**Input records**.

####################

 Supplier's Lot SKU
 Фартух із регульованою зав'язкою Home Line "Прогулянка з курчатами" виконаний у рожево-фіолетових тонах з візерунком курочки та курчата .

####################

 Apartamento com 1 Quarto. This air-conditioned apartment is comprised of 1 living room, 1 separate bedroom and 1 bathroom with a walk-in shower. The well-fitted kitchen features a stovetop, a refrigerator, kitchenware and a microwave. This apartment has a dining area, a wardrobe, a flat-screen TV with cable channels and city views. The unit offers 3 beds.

####################

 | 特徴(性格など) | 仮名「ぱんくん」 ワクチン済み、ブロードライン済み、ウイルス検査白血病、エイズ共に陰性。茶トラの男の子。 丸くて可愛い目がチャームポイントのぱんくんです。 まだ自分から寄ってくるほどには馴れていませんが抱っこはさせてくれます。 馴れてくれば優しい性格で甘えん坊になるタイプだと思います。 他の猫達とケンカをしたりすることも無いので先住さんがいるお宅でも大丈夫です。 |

####################

Using the entries above, give back exactly the line containing "Supplier's Lot SKU", the line containing "Фартух із регульованою", and every line between them, and nothing else.

 Supplier's Lot SKU
 Фартух із регульованою зав'язкою Home Line "Прогулянка з курчатами" виконаний у рожево-фіолетових тонах з візерунком курочки та курчата .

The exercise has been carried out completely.